# lifegraph-json
**A tiny zero-dependency JSON crate that can beat `serde_json` by up to 3.78x on the `serde-rs/json-benchmark` corpus, and by ~6x on some structural parse workloads.**
`lifegraph-json` is a fast JSON value layer for Rust with **owned**, **borrowed**, **tape**, and **compiled-schema** paths.
## Why this exists
`serde_json` is fantastic infrastructure, but it optimizes for broad ecosystem integration and typed serde workflows.
`lifegraph-json` optimizes for a different target:
- **0 runtime dependencies by default**
- **fast parse-and-inspect flows**
- **low-allocation parsing**
- **wide-object lookup**
- **repeated serialization of known object shapes**
- a compatibility-focused `Value`-style API for easier swapping
If you want a small, fast, hackable JSON layer with aggressive specialized paths, this is the crate.

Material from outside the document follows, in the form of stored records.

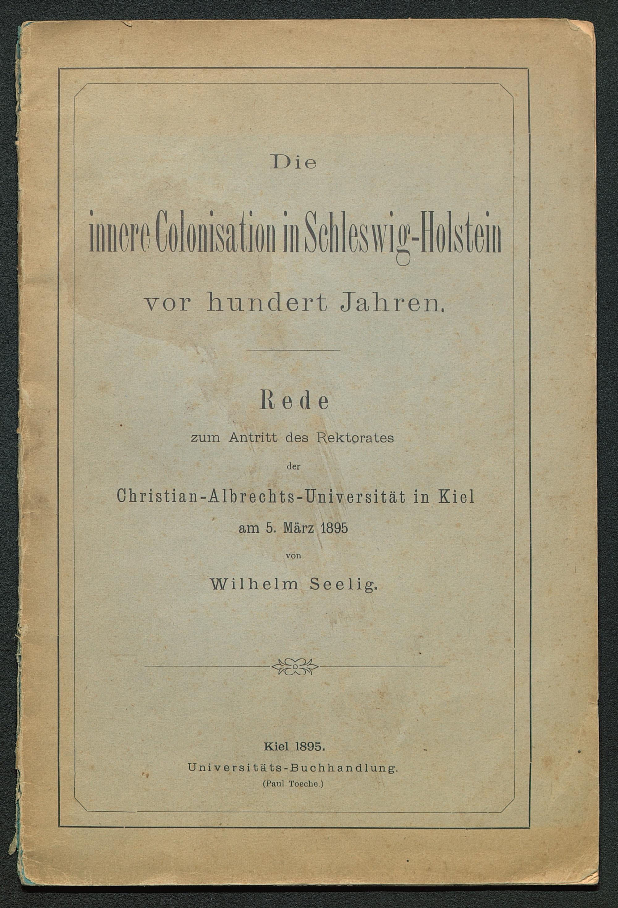 DieÖvor hundert Jahren.Redezum Antritt des RektoratesderChristian-Albrechts-Universität in Kiel am 5. März 1895vonWilhelm Seelig .Kiel 1895.Universitäts -Buchhandlung.(Paul Toeche.)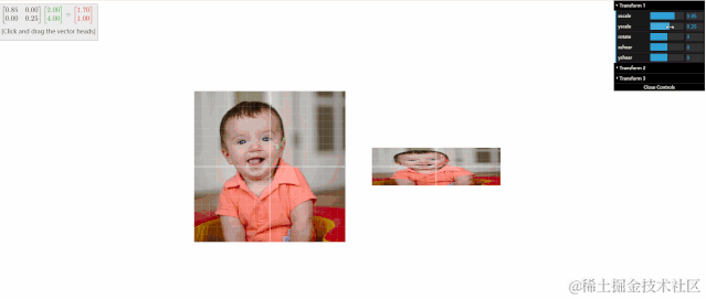查看上面的动态图可以发现,通过手动调整右上角的 xscale、yscale、rotate、xshear、yshear 等参数,可以随时调整变换后的图片。同事,左上角的变换矩阵也改变了。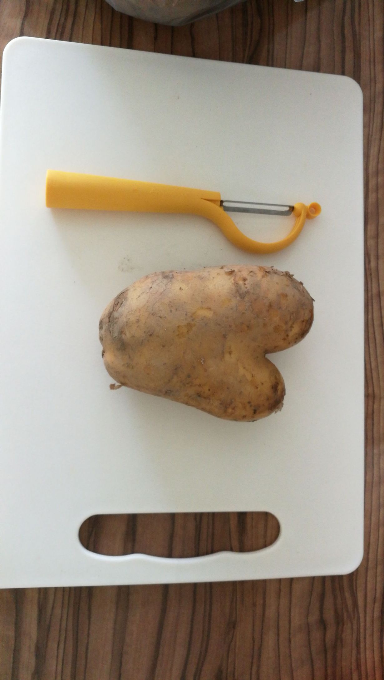 Kaupan perunalaarissa tuli vastaan tämä valioyksilö. Pakkohan tämä sydämellinen pottu oli poimia talteen. Se pääsi osaksi rakkaudella keitettyä makkarasoppaa.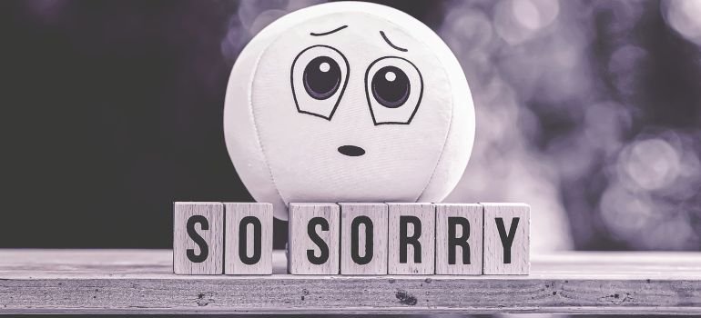 A toy next to a phrase spelling out so sorry.

## Important compatibility note
`lifegraph-json` intentionally does **not** depend on `serde` by default.
That means some `serde_json` functionality is intentionally out of scope today, including typed serde-driven conversions and broader serde ecosystem integration. If you need things like:
- `from_str::<T>`
- `Serialize` / `Deserialize`
- `to_value` / `from_value`
- full serde ecosystem compatibility
then you should **keep using `serde_json`**.
If you want a **fast zero-dependency JSON value layer**, use `lifegraph-json`.
## What feels drop-in already
`lifegraph-json` includes a growing compatibility-oriented API modeled after common `serde_json` usage:
- `Value`, `Number`, `Map`
- `from_str`, `from_slice`, `from_reader`
- `to_string`, `to_vec`, `to_writer`
- `to_string_pretty`, `to_vec_pretty`, `to_writer_pretty`
- `json!`
- `value["field"]` and `value[index]`
- generic `get`, `get_mut`, plus `get_index`, `get_index_mut`
- `pointer`, `pointer_mut`, `take`
- `as_str`, `as_bool`, `as_i64`, `as_u64`, `as_f64`
- `is_null`, `is_array`, `is_object`, `len`, `is_empty`, `sort_all_objects`
- nested mutable indexing like `value["a"]["b"] = ...`
- primitive comparisons like `assert_eq!(value["ok"], true)`
In practice this now covers most common `Value`-centric `serde_json` code paths.
## Quick migration sketch
```rust
// before
// use serde_json::{json, Value};
// after
use lifegraph_json::{json, from_str, to_string, Value};
let value: Value = from_str(r#"{"ok":true,"n":7}"#)?;
assert_eq!(value["ok"].as_bool(), Some(true));
assert_eq!(value["n"].as_i64(), Some(7));
let built = json!({"msg": "hello", "items": [1, 2, null]});
let encoded = to_string(&built)?;
# Ok::<(), Box<dyn std::error::Error>>(())
```
## Normalized benchmark snapshot
Benchmarked locally in release mode against the official [`serde-rs/json-benchmark`](https://github.com/serde-rs/json-benchmark) data corpus (`canada.json`, `citm_catalog.json`, `twitter.json`, commit `17b13dd`).
To normalize out CPU differences, the main takeaway here is the **ratio** versus `serde_json`, not the raw MB/s.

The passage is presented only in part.